SKE English
My favorite moment in recent music-video history—the past six weeks or so, give or take—has got to be the first beat drop in singer Lolo Zouaï’s Moi (see above, ca. 00:20); following the familiar melodrama of an almost Eurovision-like prelude, Lolo throws out her arms—like an ecstatic vulture, flapping its wings to swoop down upon some freshly minted (urm) corpse—and, face twisted into a pretzel of raw feels, launches into an improvized (I assume) and indulgent dance routine. The fact that all of this takes place within the confines of a rather spare, rather Drakish (Hotline Bling) three-dimensional polygon, adds an element of surreal idealism to the spectacle: We’re all dancing on our own, but some of us are wearing large hoop earrings, Doc Martins, and extra-terrestrial camouflage.
It’s marvelous.
The first time I saw the video—which was also the first time that I heard the song—I felt as if that moment spoke to something larger, something that should be familiar to anyone leading a modern human existence (or, a responsible canine existence, for that matter, too), i.e. the moment when mundane reality shatters into something beautiful: e.g. when the door to one’s office slams shut on a Friday afternoon—and the banal landscape of tedious employment gives way to a dream-world of possibility and freedom. (Not that one doesn’t habitually squander that freedom, but that’s another story).

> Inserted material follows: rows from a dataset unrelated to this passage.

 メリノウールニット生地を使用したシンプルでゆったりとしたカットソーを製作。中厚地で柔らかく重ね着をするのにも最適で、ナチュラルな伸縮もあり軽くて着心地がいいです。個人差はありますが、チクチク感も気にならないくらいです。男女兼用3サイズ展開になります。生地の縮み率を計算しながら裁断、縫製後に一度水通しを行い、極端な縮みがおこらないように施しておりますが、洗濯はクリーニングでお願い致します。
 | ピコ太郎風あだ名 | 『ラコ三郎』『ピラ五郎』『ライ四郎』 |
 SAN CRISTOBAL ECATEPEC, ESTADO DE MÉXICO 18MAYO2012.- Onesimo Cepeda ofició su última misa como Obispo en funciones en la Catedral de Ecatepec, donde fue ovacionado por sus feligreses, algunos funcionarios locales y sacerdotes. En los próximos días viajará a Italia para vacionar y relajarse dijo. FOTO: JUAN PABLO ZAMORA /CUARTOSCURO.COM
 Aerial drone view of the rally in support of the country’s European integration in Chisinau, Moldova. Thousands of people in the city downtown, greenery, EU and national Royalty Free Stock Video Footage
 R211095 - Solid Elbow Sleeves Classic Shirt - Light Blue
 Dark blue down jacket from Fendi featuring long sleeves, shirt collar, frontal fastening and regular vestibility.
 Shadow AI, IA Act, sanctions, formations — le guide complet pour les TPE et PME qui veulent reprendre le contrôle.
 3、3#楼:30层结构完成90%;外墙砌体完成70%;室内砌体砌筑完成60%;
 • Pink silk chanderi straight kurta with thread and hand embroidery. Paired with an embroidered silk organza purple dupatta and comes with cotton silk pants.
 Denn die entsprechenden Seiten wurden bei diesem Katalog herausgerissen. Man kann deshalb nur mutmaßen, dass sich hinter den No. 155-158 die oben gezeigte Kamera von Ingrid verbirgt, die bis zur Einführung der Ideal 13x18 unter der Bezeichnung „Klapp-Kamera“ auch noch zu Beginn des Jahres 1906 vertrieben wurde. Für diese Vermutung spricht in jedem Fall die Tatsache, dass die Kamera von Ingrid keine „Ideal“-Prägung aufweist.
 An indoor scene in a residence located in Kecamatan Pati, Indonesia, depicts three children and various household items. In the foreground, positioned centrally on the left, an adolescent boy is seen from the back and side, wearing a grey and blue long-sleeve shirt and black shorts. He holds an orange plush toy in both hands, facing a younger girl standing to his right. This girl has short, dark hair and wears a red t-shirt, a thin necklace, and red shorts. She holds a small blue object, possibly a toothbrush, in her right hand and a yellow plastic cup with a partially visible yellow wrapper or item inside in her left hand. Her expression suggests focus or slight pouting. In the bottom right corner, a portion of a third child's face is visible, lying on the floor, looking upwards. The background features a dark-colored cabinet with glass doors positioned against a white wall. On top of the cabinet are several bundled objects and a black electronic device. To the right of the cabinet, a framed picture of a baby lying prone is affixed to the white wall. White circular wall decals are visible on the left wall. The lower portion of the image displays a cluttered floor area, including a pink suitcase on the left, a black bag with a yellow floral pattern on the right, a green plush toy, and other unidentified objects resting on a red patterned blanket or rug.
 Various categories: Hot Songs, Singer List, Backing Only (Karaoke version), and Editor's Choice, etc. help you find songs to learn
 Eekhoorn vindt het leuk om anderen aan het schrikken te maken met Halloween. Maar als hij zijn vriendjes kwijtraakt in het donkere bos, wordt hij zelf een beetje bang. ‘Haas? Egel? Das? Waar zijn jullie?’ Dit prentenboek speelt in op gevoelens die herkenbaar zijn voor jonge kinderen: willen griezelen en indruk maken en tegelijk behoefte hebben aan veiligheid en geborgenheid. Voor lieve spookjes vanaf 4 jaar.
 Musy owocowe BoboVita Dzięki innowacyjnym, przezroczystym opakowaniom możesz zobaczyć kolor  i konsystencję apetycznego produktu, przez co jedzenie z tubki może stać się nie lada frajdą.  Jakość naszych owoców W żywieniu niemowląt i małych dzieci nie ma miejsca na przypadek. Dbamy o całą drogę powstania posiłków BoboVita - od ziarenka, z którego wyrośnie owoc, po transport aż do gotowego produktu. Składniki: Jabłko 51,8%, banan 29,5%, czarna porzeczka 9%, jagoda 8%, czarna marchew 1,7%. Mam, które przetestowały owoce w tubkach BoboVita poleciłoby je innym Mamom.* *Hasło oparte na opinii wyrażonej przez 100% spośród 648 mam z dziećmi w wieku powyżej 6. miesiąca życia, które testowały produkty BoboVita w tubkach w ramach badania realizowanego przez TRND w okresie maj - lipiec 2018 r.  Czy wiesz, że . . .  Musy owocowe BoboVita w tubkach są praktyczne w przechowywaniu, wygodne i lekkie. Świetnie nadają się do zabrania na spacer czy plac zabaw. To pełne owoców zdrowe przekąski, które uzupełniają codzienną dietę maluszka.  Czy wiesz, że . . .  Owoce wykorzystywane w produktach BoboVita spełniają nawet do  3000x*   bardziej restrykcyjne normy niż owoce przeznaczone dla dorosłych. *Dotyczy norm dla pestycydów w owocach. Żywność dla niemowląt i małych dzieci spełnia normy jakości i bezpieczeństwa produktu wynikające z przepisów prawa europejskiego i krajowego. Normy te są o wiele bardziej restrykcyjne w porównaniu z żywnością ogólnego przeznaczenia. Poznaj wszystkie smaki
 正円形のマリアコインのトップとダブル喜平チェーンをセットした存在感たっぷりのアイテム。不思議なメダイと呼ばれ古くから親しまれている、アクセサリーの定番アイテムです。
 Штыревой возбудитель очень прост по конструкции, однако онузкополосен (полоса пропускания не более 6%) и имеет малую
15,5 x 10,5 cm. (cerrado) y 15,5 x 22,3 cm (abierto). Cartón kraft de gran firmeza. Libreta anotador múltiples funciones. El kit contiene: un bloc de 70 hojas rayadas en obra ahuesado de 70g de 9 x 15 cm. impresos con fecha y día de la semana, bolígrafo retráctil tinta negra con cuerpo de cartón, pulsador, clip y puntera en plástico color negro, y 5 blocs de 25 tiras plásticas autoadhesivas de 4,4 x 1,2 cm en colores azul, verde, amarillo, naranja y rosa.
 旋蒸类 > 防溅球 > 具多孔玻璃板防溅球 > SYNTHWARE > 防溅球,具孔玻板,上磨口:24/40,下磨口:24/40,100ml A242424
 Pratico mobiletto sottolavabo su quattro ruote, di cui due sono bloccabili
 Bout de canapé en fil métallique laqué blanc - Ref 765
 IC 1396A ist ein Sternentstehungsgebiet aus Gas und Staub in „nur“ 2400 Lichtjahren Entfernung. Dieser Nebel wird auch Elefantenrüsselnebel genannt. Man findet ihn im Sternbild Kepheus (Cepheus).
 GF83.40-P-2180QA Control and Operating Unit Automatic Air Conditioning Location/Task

From this moment on, every minor triumph in my otherwise less-than-triumphant life shall be punctuated by an impression of Lolo Zouaï’s swaggering vulture flap.
The song is good, but it’s the video that really underscores the song’s quality. All hail Lolo Zouaï: from her signature hoops to her upbeat personality (see interview below).
You can listen to Moi on Lolo Zouaï’s High Highs to Low Lows, released last April 19th.